Healey before the storm
Healey Hut before the storm

Healey mid storm
Healey Hut during the storm

But then the odds started to play into my favour. As I crossed the river in town the rain turned to snow…then a lot of snow… then whacks of snow. Series of texts with Bryan (how does he do that while driving? What’s that – he does it at the red lights? Hmmm…) and we met up at P15 to snowshoe up to Healey hut. I had skied by the hut the day before but the snowshoe trail is quite different so it should be good. Wedged the cars in a snowbank in the unplowed parking lot, strapped on the “shoes” and in a raging snowstorm pushed across the fields for the tree line.
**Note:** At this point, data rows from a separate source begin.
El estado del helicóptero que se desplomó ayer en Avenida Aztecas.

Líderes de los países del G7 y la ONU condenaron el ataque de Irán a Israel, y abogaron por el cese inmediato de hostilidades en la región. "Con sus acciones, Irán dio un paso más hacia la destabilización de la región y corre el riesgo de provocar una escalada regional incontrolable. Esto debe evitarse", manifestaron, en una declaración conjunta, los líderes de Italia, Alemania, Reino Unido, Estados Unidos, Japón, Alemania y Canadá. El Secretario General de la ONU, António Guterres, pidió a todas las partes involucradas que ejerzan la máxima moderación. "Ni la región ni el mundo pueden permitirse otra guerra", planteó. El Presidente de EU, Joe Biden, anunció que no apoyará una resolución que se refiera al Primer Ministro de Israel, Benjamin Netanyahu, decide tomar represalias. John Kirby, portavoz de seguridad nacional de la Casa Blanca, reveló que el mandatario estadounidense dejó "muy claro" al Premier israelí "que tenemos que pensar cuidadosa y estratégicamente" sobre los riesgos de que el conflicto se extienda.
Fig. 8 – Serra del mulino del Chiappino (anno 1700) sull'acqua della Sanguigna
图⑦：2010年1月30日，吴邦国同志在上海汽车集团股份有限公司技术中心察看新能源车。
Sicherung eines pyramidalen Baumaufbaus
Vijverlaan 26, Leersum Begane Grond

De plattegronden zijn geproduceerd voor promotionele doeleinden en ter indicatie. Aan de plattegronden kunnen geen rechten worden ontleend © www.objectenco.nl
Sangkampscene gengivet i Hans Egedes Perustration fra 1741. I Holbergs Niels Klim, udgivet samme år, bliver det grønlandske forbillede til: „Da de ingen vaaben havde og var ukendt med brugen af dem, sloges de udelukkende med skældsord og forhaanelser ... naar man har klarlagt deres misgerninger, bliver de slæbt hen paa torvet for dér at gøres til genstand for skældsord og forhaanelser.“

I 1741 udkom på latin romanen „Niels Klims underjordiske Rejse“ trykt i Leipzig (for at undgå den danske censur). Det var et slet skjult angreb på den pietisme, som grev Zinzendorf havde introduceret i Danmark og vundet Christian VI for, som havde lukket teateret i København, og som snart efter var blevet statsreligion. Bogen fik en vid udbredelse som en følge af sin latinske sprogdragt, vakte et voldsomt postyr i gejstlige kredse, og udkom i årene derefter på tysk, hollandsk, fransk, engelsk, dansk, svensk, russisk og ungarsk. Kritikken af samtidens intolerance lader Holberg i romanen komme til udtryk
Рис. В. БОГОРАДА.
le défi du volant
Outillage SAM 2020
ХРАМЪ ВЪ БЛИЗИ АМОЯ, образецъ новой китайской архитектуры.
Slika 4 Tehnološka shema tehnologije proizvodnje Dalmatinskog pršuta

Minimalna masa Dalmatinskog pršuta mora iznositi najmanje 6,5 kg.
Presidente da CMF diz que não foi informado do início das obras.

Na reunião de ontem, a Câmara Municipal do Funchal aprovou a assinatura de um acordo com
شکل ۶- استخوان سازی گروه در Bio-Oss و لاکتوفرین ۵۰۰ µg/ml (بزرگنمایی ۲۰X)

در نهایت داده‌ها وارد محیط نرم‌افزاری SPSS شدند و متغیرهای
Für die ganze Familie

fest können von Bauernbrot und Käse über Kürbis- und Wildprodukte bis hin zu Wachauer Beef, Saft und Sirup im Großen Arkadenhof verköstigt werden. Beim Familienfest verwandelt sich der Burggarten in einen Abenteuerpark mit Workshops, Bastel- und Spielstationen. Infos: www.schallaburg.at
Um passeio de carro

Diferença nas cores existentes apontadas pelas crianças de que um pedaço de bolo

The hike up to Healey hut was slow going in deep unbroken snow but once inside the hut we got a good fire going. Relaxed over lunch, watched the snow pound down outside and counted dozens (and dozens) of Blue Jays at the feeder – a real fight for the food outside! - and then strolled back to the cars as the snow let up. Twenty cms of snow in all. A good storm. But then again, Bryan – a StatsCan employee (poster boy for the division if I believe the newspaper pictures ;) - should have been able to tell me the probability was good that a big storm would hit us before March arrived.

Breaking tree line
Bryan breaking out of the bush as the snowstorm rages

Tuesday I took the wide boards up to P7 and skied the backcountry trails in the fresh powder. Storm clouds had moved on leaving bluebird skies and a blanket of white behind. Didn’t get an early enough start and most of the trails had already been broken out but there was still some fresh snow to be had here and there… and even the “slightly used” snow was still a treat. Skied some of the classic trails and took a few of the big drops in very forgiving snow. The focus of the day was to return on the “Highland Fling” – a classic trail with a couple of monster drops. While it may not seem like a Ukrainian boy should know anything about the Highland Fling… after too many years to count…I’m finally getting the hang of it and no longer is it a desperate, “hang on for dear life”, blast down a sinewy chute. The trail builders of years past knew what they were doing and finally some of that is becoming apparent to me. Where was the “Yoda” of the wide boards when I needed him. Ah well, think I’ve got it figured now. It only took a few hundred tries. The probability was good I’d get it eventually.